### EXERCISE INSTRUCTIONS:
Return the full listing word for word, but drop every picture from it.

### DATASET EXCERPT:

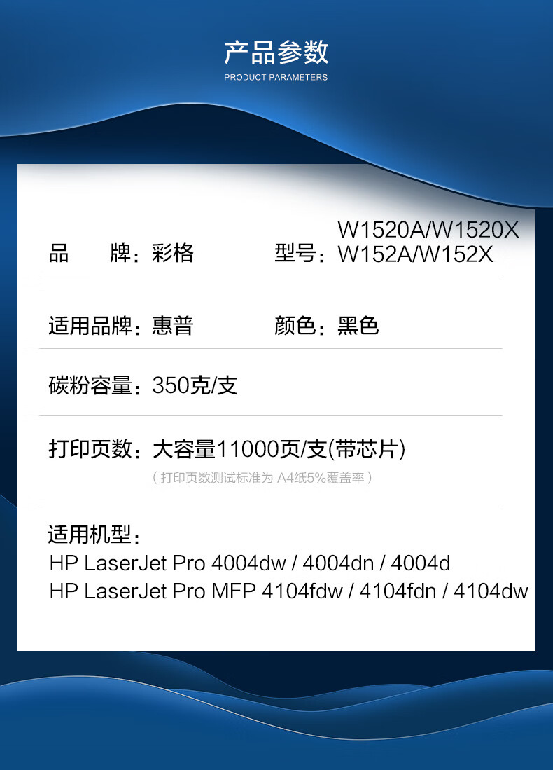 商品标题:彩格适用惠普4004d硒鼓 w152X硒鼓hp 4004dn 4004dw打印机硒鼓4104dw 4104fdn 4104fdw w1520a硒鼓墨盒大容量带芯片(打印页数:11000页)(单位:支)
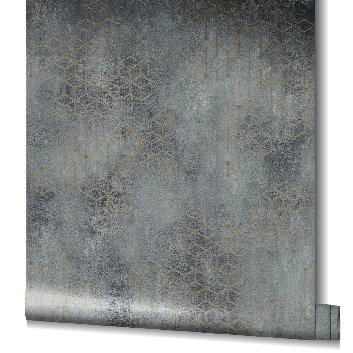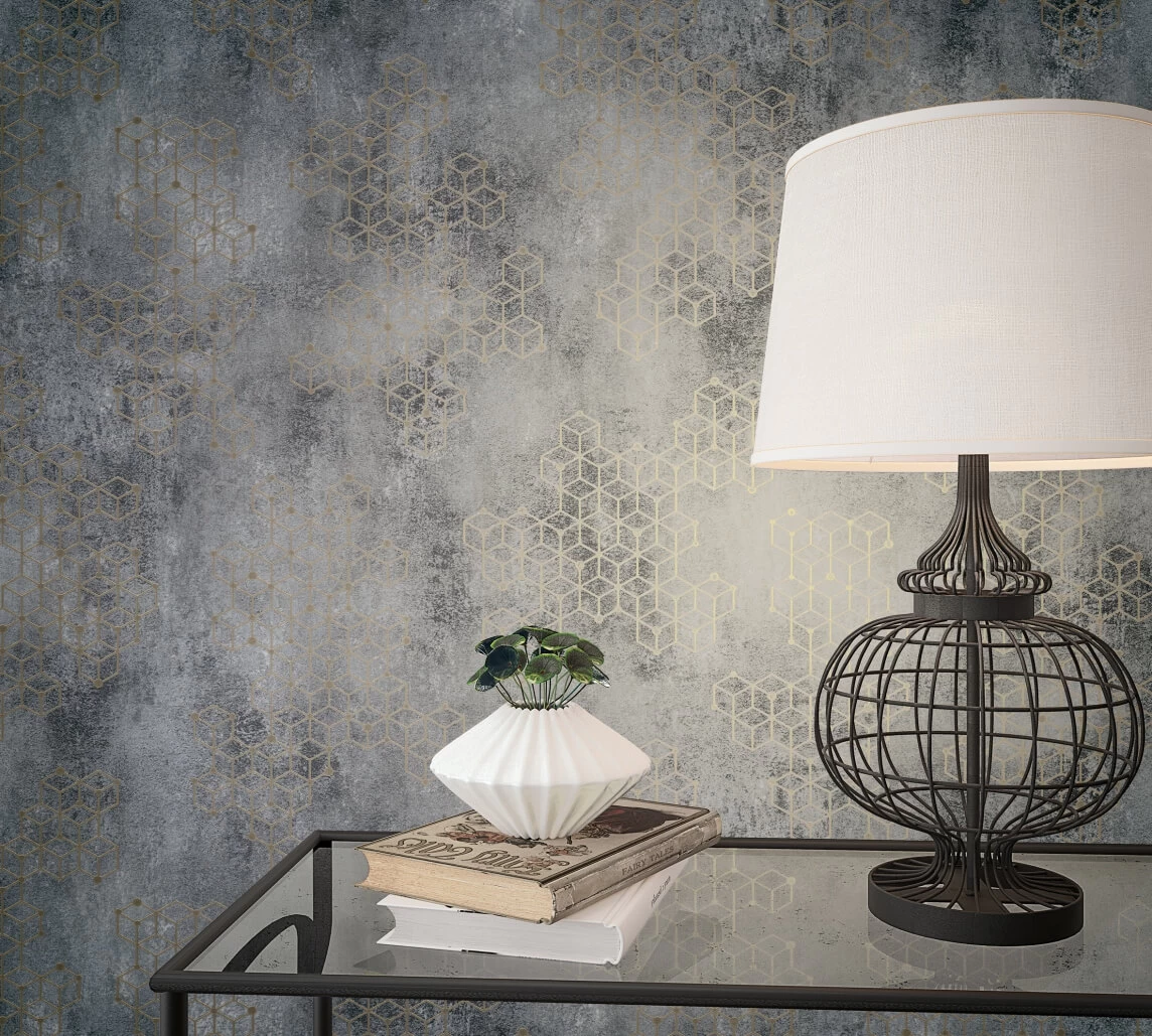 Tapete Vlies Würfel Putz blau-grau gold Glanz Novamur Hailey 82240
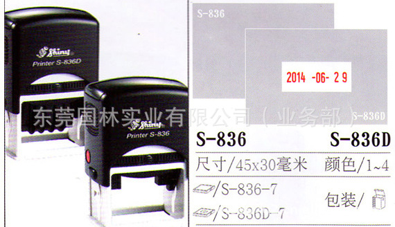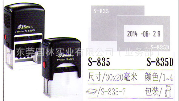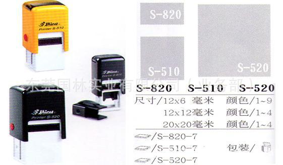 产品特有性能:◆采用ABS工程塑料制作,牢固耐用、轻巧、方便携带。◆内置印台,盖印迅速、印迹清淅毫不费力,让工作更有效率,印台可自行取出重复加注印油。◆日期回墨印中间日期可随意调节,准确印证每天日期。◆可单独更换印面内容,不论方形、圆形、椭圆形、多边形等均可来样订做,属于国际最新环保型印章,在欧美国家使用率达95%以上。台湾shiny新力旗下款式多种,分别有:轻型回墨印,重型回墨印,随身印章,光敏印章,字粒回墨套印,回墨日期印,日期钢印,日期章,号码章,数字章,转动印章,回墨印油,光敏印油,原子印油,水性油墨,新力印台,毛毡印台,海绵印台,防伪指纹印台等等。 新力回墨日期转动印章,全新的线条设计理念,使章体结构更坚固,使用更轻便。也因此提高安全性和印章寿命。 款式多样,轻便小巧,是生产线及签名的首选,印章内容方便更换.流畅及安静的动作也可以保证高品质印迹。台湾shiny新力牌日期印章数字印章产品的特点:根据客户的需要可随意变动日期与数字.它的特殊架结构设计使得其可以随意变更日期与数字,盖印时利用手动的原理调动印章来印出日期与人名的日期章系列,也可根据自己的需要盖印面积的大小订做印章的尺寸及数字的数量与大小。其盖印效果清晰,便于携带,号码及章面分为金属,胶皮两种,盖印时会同时显示日期和人名的日期章系列,有各种合适的尺寸,形状和印面颜色提供多种选择,全面支持商务使用。新力新型回墨日期印型号:S-300、S-303、S-304、S-309、S-400、S-409、S-401、S-449、S-402、S-403、S-404、S-405、S-406、S-407、S-408、S-410、S-311、S-313、S-312、S-314。新力新型回墨印型号:R-512,R-517,R-524,R-532,R-542,R-552,S-520,S-510,S-820,S-530,S-542,S-830,S-831,S-308,S-310,S-832,S-833,S-826,S-827,S-828,S-829,S1821,S1822,S822,S1823,S823,S1824,S824,S1825,S825。新力回墨日期转动印型号:S-1000、R-532D、R-538D、R-542D、R-552D、S-826D、S-827D、S-828D、S-832D。
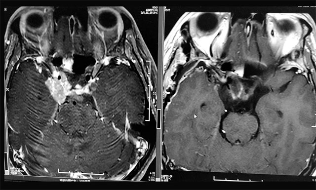患者蔡先生(化名)因持續(xù)頭痛、視力下降被查出是垂體無功能巨大腺瘤,腫瘤大小超過3cm。在杭州一家醫(yī)院做了經(jīng)蝶竇垂體瘤切除手術(shù)后,由于術(shù)后腫瘤殘余較多,出現(xiàn)頭痛情況,視力較術(shù)前未見明顯改觀,左側(cè)視力0.12,右側(cè)視力0.1。后慕名來到上海藍(lán)十字腦科醫(yī)院。

### ANSWER:
 商品标题:彩格适用惠普4004d硒鼓 w152X硒鼓hp 4004dn 4004dw打印机硒鼓4104dw 4104fdn 4104fdw w1520a硒鼓墨盒大容量带芯片(打印页数:11000页)(单位:支)
 Tapete Vlies Würfel Putz blau-grau gold Glanz Novamur Hailey 82240
 产品特有性能:◆采用ABS工程塑料制作,牢固耐用、轻巧、方便携带。◆内置印台,盖印迅速、印迹清淅毫不费力,让工作更有效率,印台可自行取出重复加注印油。◆日期回墨印中间日期可随意调节,准确印证每天日期。◆可单独更换印面内容,不论方形、圆形、椭圆形、多边形等均可来样订做,属于国际最新环保型印章,在欧美国家使用率达95%以上。台湾shiny新力旗下款式多种,分别有:轻型回墨印,重型回墨印,随身印章,光敏印章,字粒回墨套印,回墨日期印,日期钢印,日期章,号码章,数字章,转动印章,回墨印油,光敏印油,原子印油,水性油墨,新力印台,毛毡印台,海绵印台,防伪指纹印台等等。 新力回墨日期转动印章,全新的线条设计理念,使章体结构更坚固,使用更轻便。也因此提高安全性和印章寿命。 款式多样,轻便小巧,是生产线及签名的首选,印章内容方便更换.流畅及安静的动作也可以保证高品质印迹。台湾shiny新力牌日期印章数字印章产品的特点:根据客户的需要可随意变动日期与数字.它的特殊架结构设计使得其可以随意变更日期与数字,盖印时利用手动的原理调动印章来印出日期与人名的日期章系列,也可根据自己的需要盖印面积的大小订做印章的尺寸及数字的数量与大小。其盖印效果清晰,便于携带,号码及章面分为金属,胶皮两种,盖印时会同时显示日期和人名的日期章系列,有各种合适的尺寸,形状和印面颜色提供多种选择,全面支持商务使用。新力新型回墨日期印型号:S-300、S-303、S-304、S-309、S-400、S-409、S-401、S-449、S-402、S-403、S-404、S-405、S-406、S-407、S-408、S-410、S-311、S-313、S-312、S-314。新力新型回墨印型号:R-512,R-517,R-524,R-532,R-542,R-552,S-520,S-510,S-820,S-530,S-542,S-830,S-831,S-308,S-310,S-832,S-833,S-826,S-827,S-828,S-829,S1821,S1822,S822,S1823,S823,S1824,S824,S1825,S825。新力回墨日期转动印型号:S-1000、R-532D、R-538D、R-542D、R-552D、S-826D、S-827D、S-828D、S-832D。
患者蔡先生(化名)因持續(xù)頭痛、視力下降被查出是垂體無功能巨大腺瘤,腫瘤大小超過3cm。在杭州一家醫(yī)院做了經(jīng)蝶竇垂體瘤切除手術(shù)后,由于術(shù)后腫瘤殘余較多,出現(xiàn)頭痛情況,視力較術(shù)前未見明顯改觀,左側(cè)視力0.12,右側(cè)視力0.1。后慕名來到上海藍(lán)十字腦科醫(yī)院。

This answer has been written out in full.